Queer-specific Responses to Quarantine

Posted on: April 30th, 2020 by Sam Bullington GALA Articles No Comments

“No one overreacts. It’s just that what you’re reacting to may not be what’s in front of you.” –Terry Real

The experience of quarantine in response to the coronavirus pandemic has been emotionally challenging for people. While much has been made of coronavirus as a great equalizer and public health officials have reminded folks that the coronavirus does not discriminate, there are strongly differential impacts to every aspect of the pandemic, including the experience of quarantine. As just one example: the implications of wearing masks to the store is very different for Black people than whites, given the dangers of being Black in U.S. society and stereotypes about criminality. What you need to do to stay alive in response to one set of threats may contradict what you need to do to stay alive in response to another.

The pandemic has been not only (again) exposing the kinds of societal disparities that social justice activists have been working to transform, but bringing to the surface numerous personal and collective experiences of trauma, as part of its purpose, I believe, is to facilitate their acknowledgement and healing. The focus on isolating at home, for instance, has brought Holocaust trauma to mind for some, especially given that the Trump years have already drawn parallels to Nazi Germany. For many GALA choruses, the coronavirus pandemic has brought a resurgence of memories and trauma from the AIDS epidemic. The overlap with past trauma has made the current challenges of coronavirus even more acute.
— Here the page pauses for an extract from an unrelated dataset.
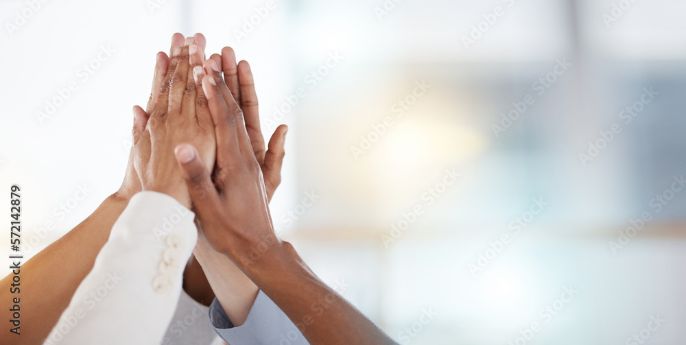High five, business team and collaboration success of staff in office with mock up. Company, staff and hands together for solidarity, motivation and support with blurred background and mockup

For myself, I’ve been noticing both trans- and polyamory-specific traumas and challenges related to quarantine. As a white person raised in the middle class, I am fairly protected from the worst assaults rendered by the coronavirus. Though I lost most of my income (like so many others) when we went into lockdown, I am not expected to risk my life as part of my job. I have a safe place to shelter. I have people who care about my well-being. Losing physical access to some of those Beloveds, however, proved to be a catalyst to a deeply emotional remembering of what it has felt like to be a trans queer polyamorous person in society.
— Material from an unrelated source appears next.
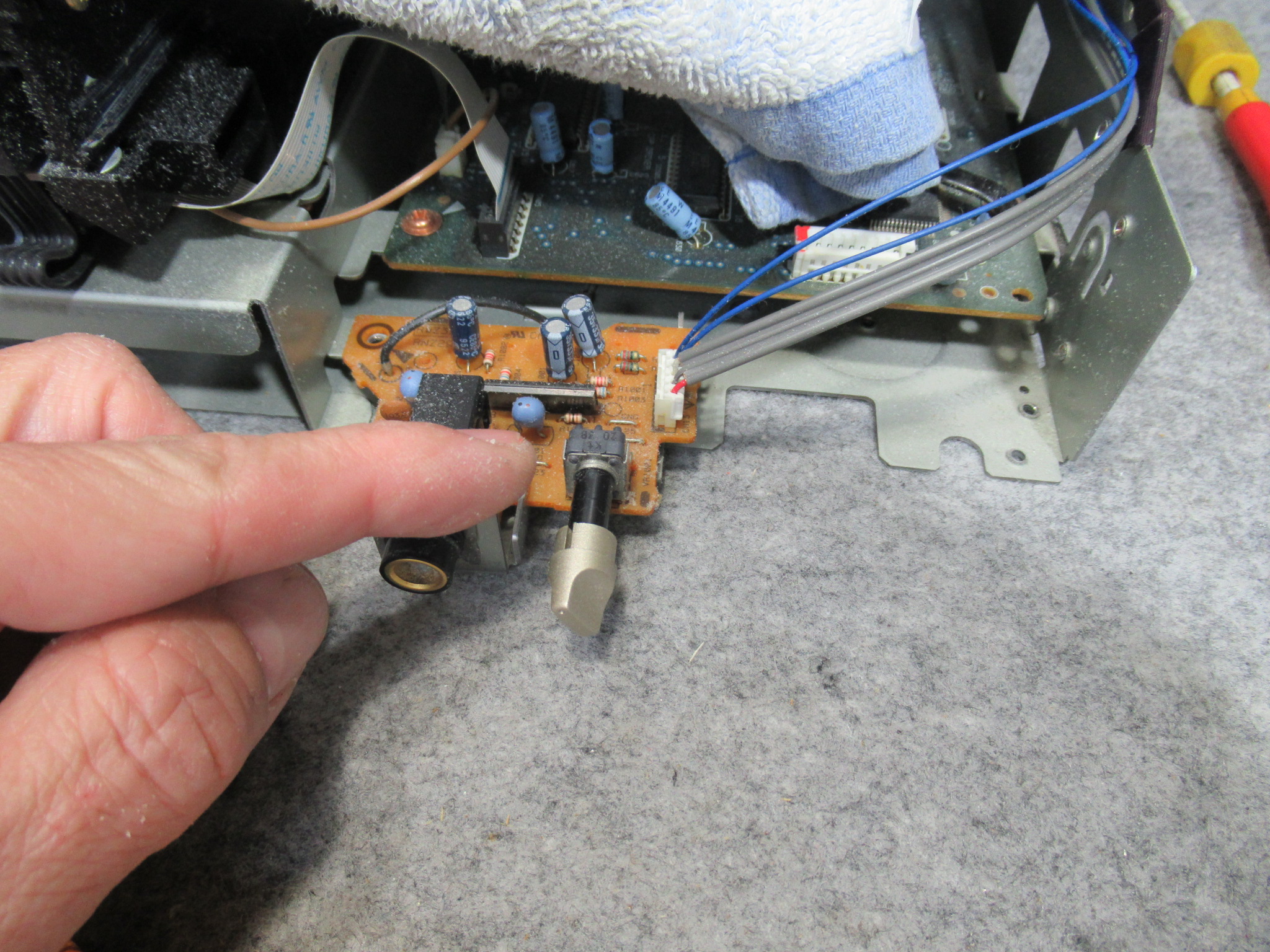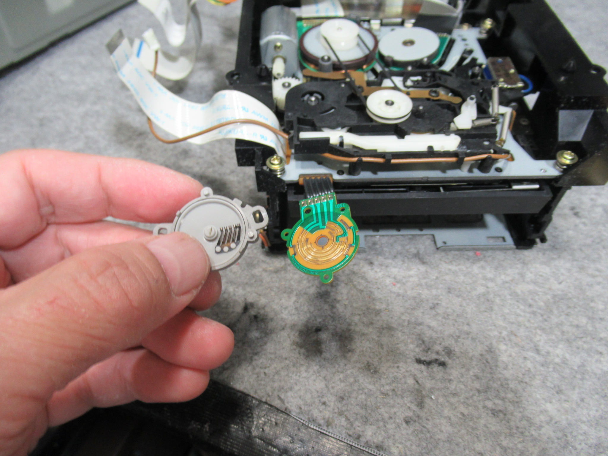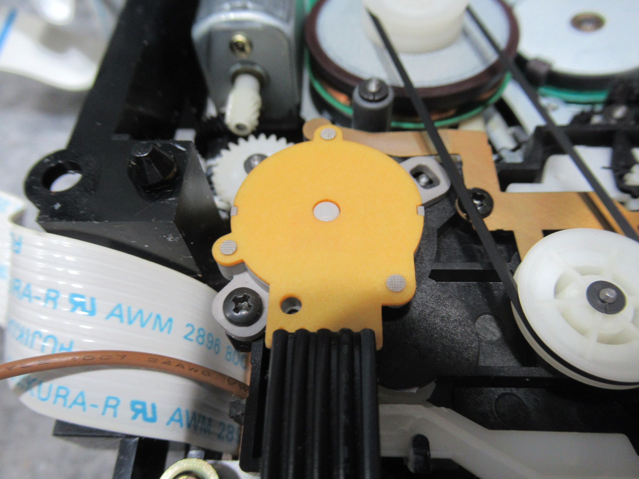 裏返します。メカの動作状況を検知するロータリーエンコーダーです。ここが接触不良を起こしていると考えられます。

As a non-binary trans person, my whole life people have treated me as a threat—a dangerous disrupter, a sexual predator, a hybrid monster, a freak—which has been very devastating. Because I don’t fit into conventional gender categories—nor am I easily accommodated in the societal structure based on these categories—people often feel uneasy around me. And when they feel uneasy, they often lash out. People have come up to me on the street to tell me I’m going to burn in hell; guys in trucks have followed me and tried to run me off the road. So the experience of quarantine, of having loved ones perceive me as a threat and keeping their distance—though I know it’s not personal—has reactivated that very trans-specific heartbreak.
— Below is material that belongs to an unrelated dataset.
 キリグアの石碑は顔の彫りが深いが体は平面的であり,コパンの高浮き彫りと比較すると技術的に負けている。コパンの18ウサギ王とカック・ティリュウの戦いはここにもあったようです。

The first time one of my Beloveds put on a mask to see me, it unexpectedly took me straight back to college.

I came out in a fundamentalist Christian fellowship in college. I didn’t grow up Christian—they just happened to be the first people I met in college and, since I’d been a social outcast in high school (having been labelled a “lezzie” though at the time I didn’t even know what that meant), I was thrilled to find people wanting to be my friend.

My first lover was my Bible study leader and our tentative explorations were filled with vulnerability. She was convinced we were compromising our salvation by our “sinning,” so we agreed to speak with one of the fellowship leaders. Once we shared our secret, the punishment was very severe. We were both removed from our leadership positions (I’d been music leader) and told we could never speak to one another again.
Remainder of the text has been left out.